**Instructions for the task**
Retype, word for word, every line of the records below starting at the one that contains "El Ayuntamiento de" and ending at the one that contains "इस पोस्ट में"; include both of those lines and nothing more.

**Data for this exercise**

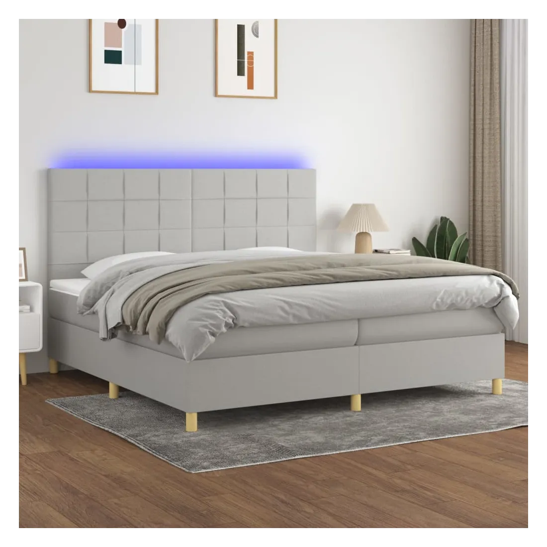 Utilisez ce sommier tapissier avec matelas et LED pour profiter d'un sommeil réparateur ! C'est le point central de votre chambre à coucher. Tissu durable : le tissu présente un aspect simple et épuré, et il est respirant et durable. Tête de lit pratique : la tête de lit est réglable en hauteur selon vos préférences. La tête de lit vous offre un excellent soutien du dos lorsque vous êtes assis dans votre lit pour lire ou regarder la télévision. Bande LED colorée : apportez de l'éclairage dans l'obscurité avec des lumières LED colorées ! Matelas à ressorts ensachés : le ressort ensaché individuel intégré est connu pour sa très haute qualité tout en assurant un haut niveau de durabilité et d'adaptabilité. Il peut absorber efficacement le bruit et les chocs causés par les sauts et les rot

--

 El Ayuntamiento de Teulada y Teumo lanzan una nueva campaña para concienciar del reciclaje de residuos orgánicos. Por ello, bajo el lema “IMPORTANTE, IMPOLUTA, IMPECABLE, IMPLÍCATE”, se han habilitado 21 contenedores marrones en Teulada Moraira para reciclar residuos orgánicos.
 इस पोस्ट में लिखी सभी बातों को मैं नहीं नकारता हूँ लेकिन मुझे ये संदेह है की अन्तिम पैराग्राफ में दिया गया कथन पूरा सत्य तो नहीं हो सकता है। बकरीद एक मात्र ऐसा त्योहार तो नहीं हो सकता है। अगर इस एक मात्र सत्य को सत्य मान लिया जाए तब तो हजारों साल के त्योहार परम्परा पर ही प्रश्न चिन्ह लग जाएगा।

**Finished exercise**
 El Ayuntamiento de Teulada y Teumo lanzan una nueva campaña para concienciar del reciclaje de residuos orgánicos. Por ello, bajo el lema “IMPORTANTE, IMPOLUTA, IMPECABLE, IMPLÍCATE”, se han habilitado 21 contenedores marrones en Teulada Moraira para reciclar residuos orgánicos.
 इस पोस्ट में लिखी सभी बातों को मैं नहीं नकारता हूँ लेकिन मुझे ये संदेह है की अन्तिम पैराग्राफ में दिया गया कथन पूरा सत्य तो नहीं हो सकता है। बकरीद एक मात्र ऐसा त्योहार तो नहीं हो सकता है। अगर इस एक मात्र सत्य को सत्य मान लिया जाए तब तो हजारों साल के त्योहार परम्परा पर ही प्रश्न चिन्ह लग जाएगा।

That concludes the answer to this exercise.